Chapter one explains what PEAR is, how to install the PEAR installer and how to deploy PEAR packages remotely onto a server over FTP – proving that no matter what way you access your production servers you can, and should, be using the PEAR installer.

Chapter two covers versioning, package.xml and roles; teaching how to turn software written in PHP into discrete distributable packages.

Chapter three focuses more on version two of package.xml (chapter two briefly covered both versions 1 and 2 of the package definition file) and explains how to bundle a package with its dependancies.

Chapter four is about source code control and performing roll-backs on pear packages – essential tasks when it comes to managing a complex website.

Chapter five details how to set up a channel server, outlines various ways to distribute packages and applications using channel servers and discusses related security issues.

Chapter six closes the book with an explanation of why you might want to embed the PEAR installed, a discussion of several methods of handling plug-in systems and designing a custom PEAR channel-based plugin system.

As a PEAR developer who’s going through the process of getting a new package proposed and accepted I found the discussion of package.xml enlightening – much more so than the current online documentation.

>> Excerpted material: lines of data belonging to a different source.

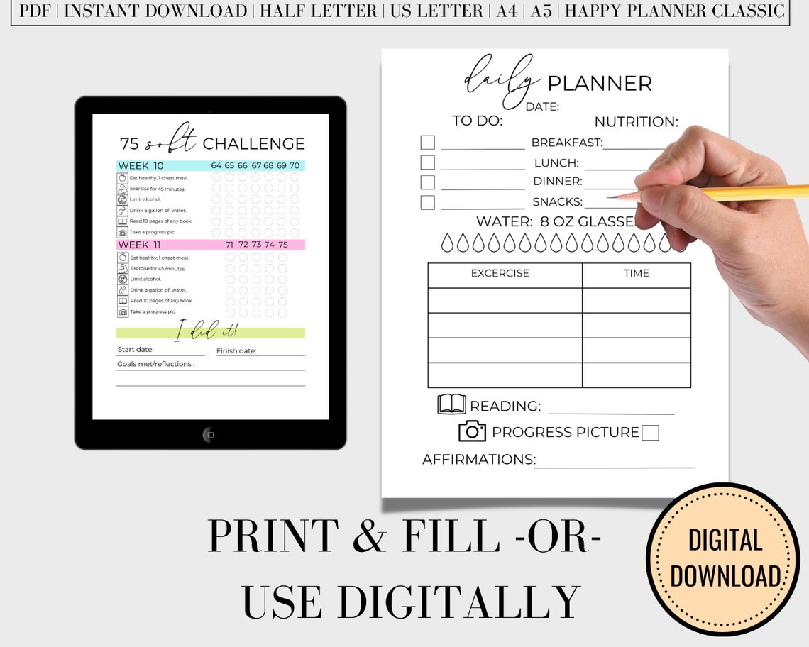 75 Soft Challenge Tracker: Printable Planner (digital Download) - Etsy ...
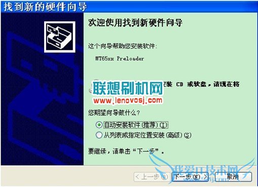 3,手机关机,不要任何操作,直接用数据线连接手机和电脑,当 PC 未安装过驱动时会弹出新硬件向导,如下图:
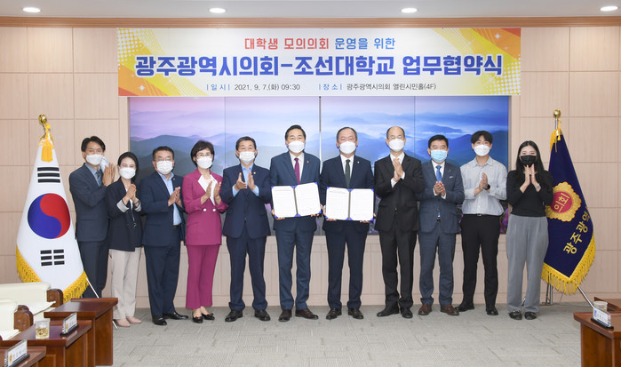 [광주=세계타임즈 손권일 기자] 광주광역시의회(의장 김용집)는 9월 7일(화) 시의회 열린시민홀에서 조선대학교와 대학생 모의의회 운영을 위한 업무협약을 체결했다고 밝혔다.
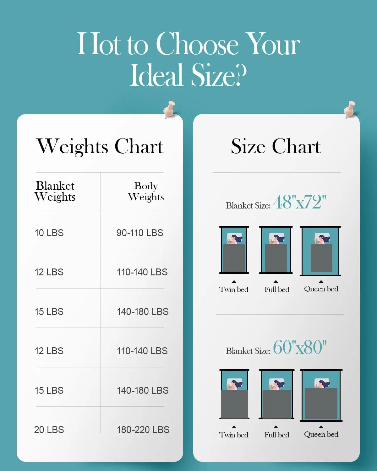 - Weighted blankets are intended for individual use and typically do not hang over the edges of the bed.
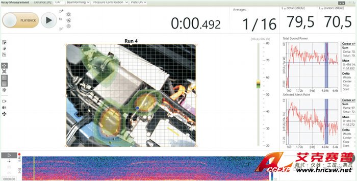 聲學相機的用戶界面所顯示的噪聲云圖、三維頻譜圖、頻譜成分和聲功率
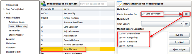 Stil dig på den nye medarbejder og vælg aktuelle lønarter i højre side. Vær opmærksom på at du med fordel kan kopiere lønarter fra en eksisterende medarbejder, der har samme rolle i virksomheden:
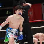 19年5月、皇治(右)率いる「皇治軍団」の一員として格闘代理戦争に出場した松本(左)
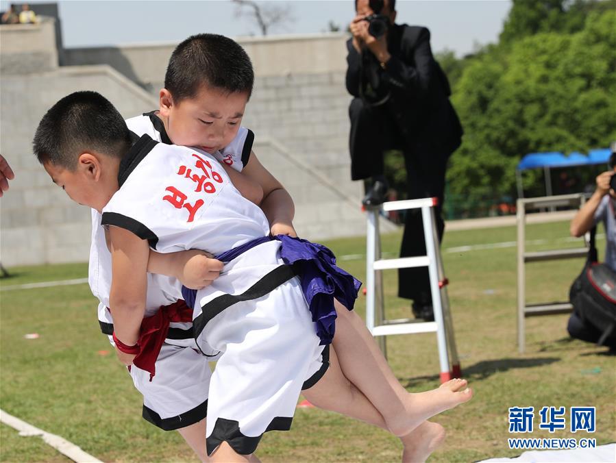 6月1日,在朝鲜平壤的大城山游乐场,孩子们进行摔跤比赛。新华社记者 程大雨 摄
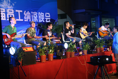 18:30分,晚會節(jié)目正式開始,首先在晨曦樂隊激情飛揚的搖滾歌曲聲中拉開了晚會的序幕。晚會節(jié)目有獨唱、小合唱、舞蹈等等,演員們的精彩表演,博得了員工們陣陣掌聲和喝彩。特別是生產(chǎn)部門女職工排練的舞蹈,動感十足,展示了女員工的多姿多彩的精神風貌。常務(wù)副總經(jīng)理王正軍的一曲豪邁的《紅旗飄飄》,抒發(fā)了荏原博泵員工的愛國情懷;北京事務(wù)所的王信東部長帶來了抒情歌曲《別問》;王虹權(quán)、袁磊、趙喜鵬、周新菊、肖旭、竇群、蔣祺、張雷雷、徐道義、董旭光等員工先后表演了自己準備的節(jié)目;職工子女表演的拉丁舞更是把晚會的氣氛推向高潮。
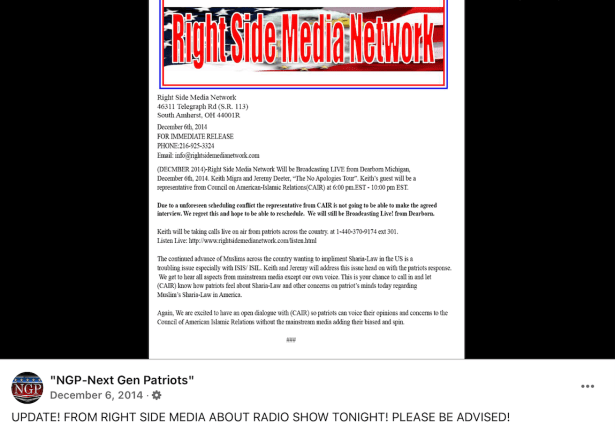 Right Side Media Network was investigating Muslim take over of Dearbornistan, Michigan, CAIR in Dearborn, Michigan in 2014. I worked on occassion and guest with Keith and Right Side Media Network.
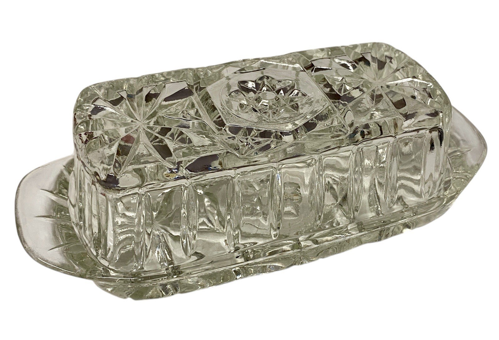 - Vintage Anchor Hocking Clear Pressed Cut Glass Covered Butter Dish Star Of David
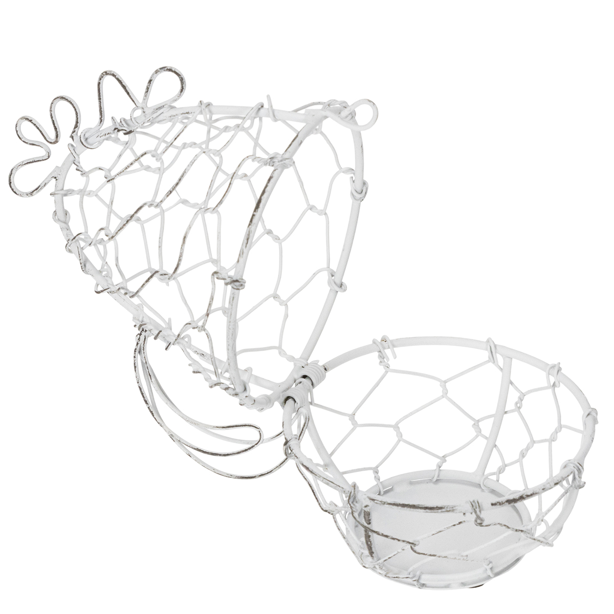 - Kształt: Uroczy druciany koszyk w kształcie kurczaka
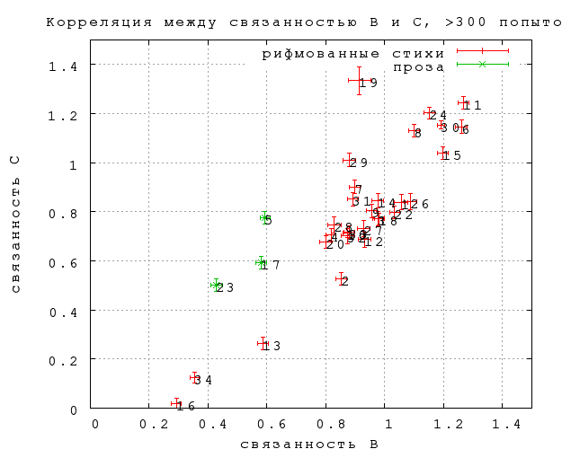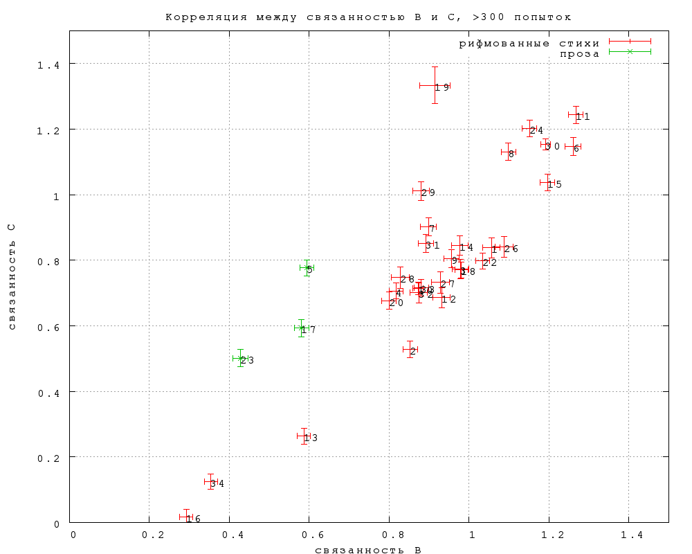 Связанность C, которая отличается тем, что в ее определении минимизировано влияние качества замен, неожиданно оказалась в среднем равна связанности B. Однако разброс превышает статистическую погрешность, и отклонения от равенства (не все, но многие) могут быть статистически значимы. В первом приближении можно считать, что связанность C значимо ниже связанности B (значимо выше она не бывает) у тех текстов, в которых в среднем труднее придумать убедительную замену.
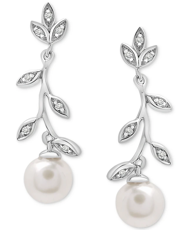 Cultured Freshwater Pearl (5mm) & Diamond Accent Vine Drop Earrings in Sterling Silver
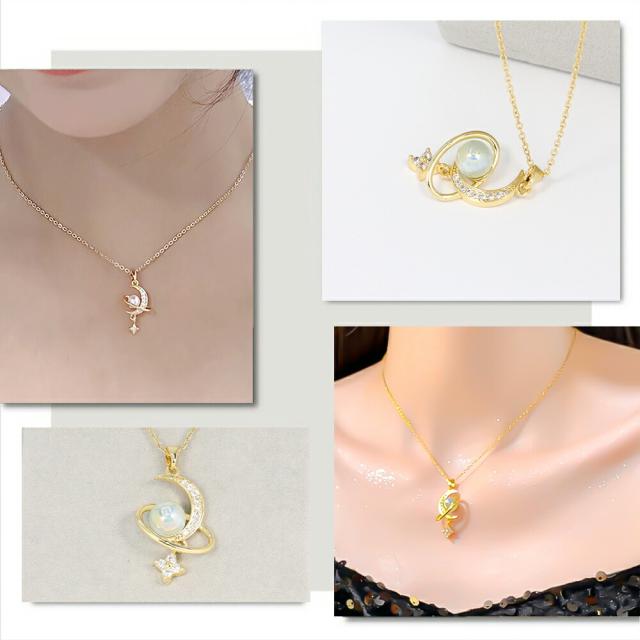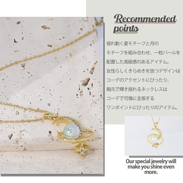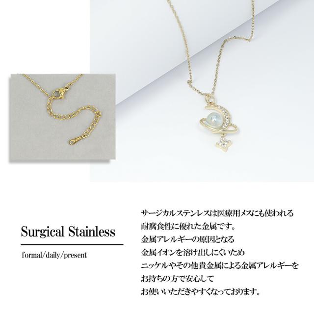 ネックレス レディース 揺れる 一粒パール 月 星 ムーン スター ゴールド 揺れるネックレス K18コーティング サージカルステンレス ブランド ネックレス 誕生日 プレゼント 金属アレルギー
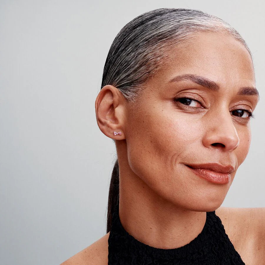 Cute and feminine, these sterling silver stud earrings feature sparkling pink heart-shaped stones arranged in a delicate bow design. A playful yet elegant accessory, perfect for adding a touch of charm to any outfit.
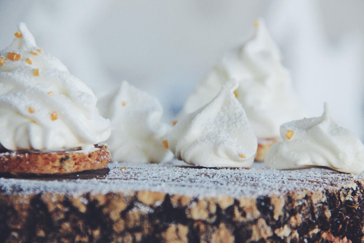 Pinheiros de Natal em suspiro numa base de bolacha de gengibre é a minha proposta para decorar a mesa de doces deste Natal.
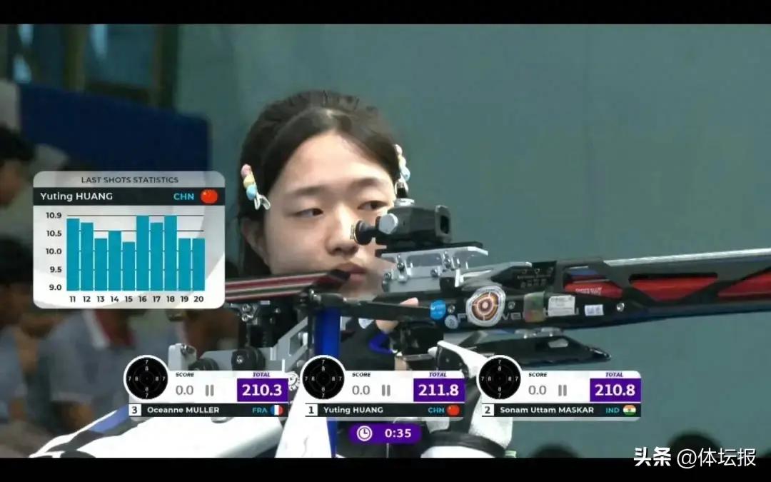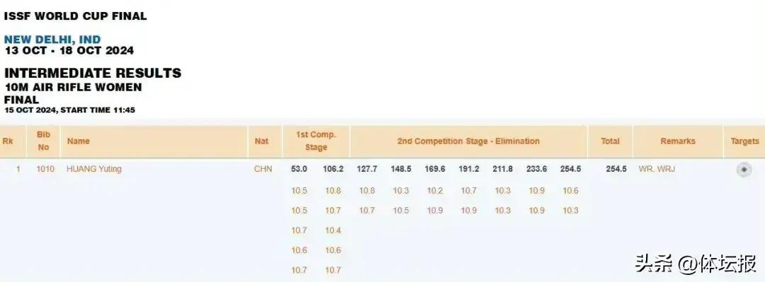 10月15日,國際射聯射擊世界盃總決賽在印度新德里打響。在當天進行的女子10米氣步槍決賽中,浙江運動員、奧運冠軍黃雨婷以254.5環的好成績不負衆望拿下冠軍,該成績也打破了女子氣步槍決賽世界紀錄。
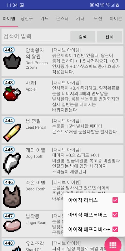아이작 리버스,애프터버스,애프터버스+ 아이템, 몬스터, 기타정보를 검색할 수 있습니다.
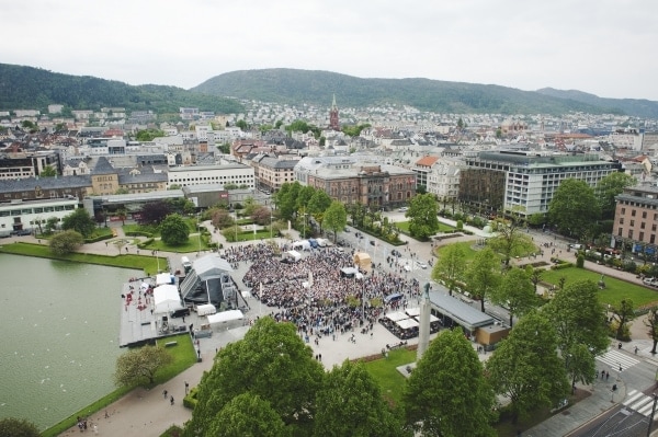 Уже в 62- раз в конце мая спокойный и дождливый Берген (дожди здесь идут более 300 дней в году) превращается в модный и оживленный центр искусств. Фестиваль охватывают весь город — на площадях разворачивается программа уличных представлений, игр, танцевальных состязаний, в концертных и театральных залах выступают мировые звезды, а фестивальную символику можно увидеть на каждом шагу — флаги, афиши, билборды. Даже багажная лента в аэропорту Бергена представляет собой дизайнерское решение: получая багаж, гость любуется инсталляцией копий музыкальных инструментов.
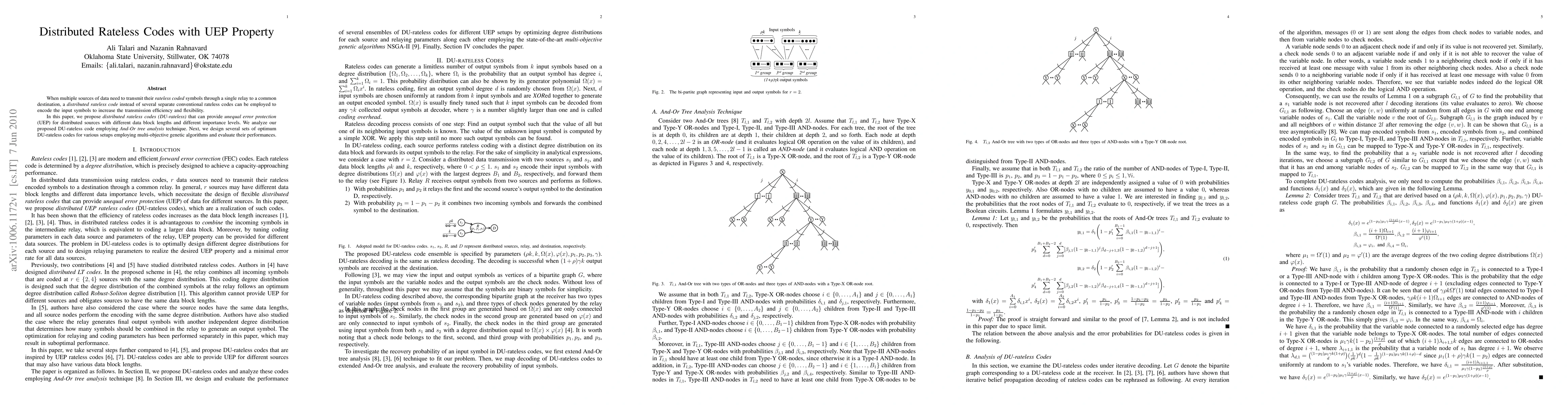 A distributed rateless coding scheme was proposed with unequal error protection (UEP) property.

As a developer who has occasionally needed to rollback changes pushed to a production server… well, if chapters two and three weren’t eye-opening enough; chapter four definitely was as it details how to employ the PEAR installer to update and rollback live code so you can quickly revert back to a known working version of the site.

Though they are relatively few the book is not without its flaws: there is a small number of spelling mistakes present and considering the book was published in 2006 I don’t think it unrealistic to expect these to be corrected in an on-line errata. Other than that I found “The PEAR Installer Manifesto” to be a nicely focused, well written book grounded with good case studies and real world examples.

Authored by the authority on the PEAR installer the book couldn’t get much better. Highly recommended.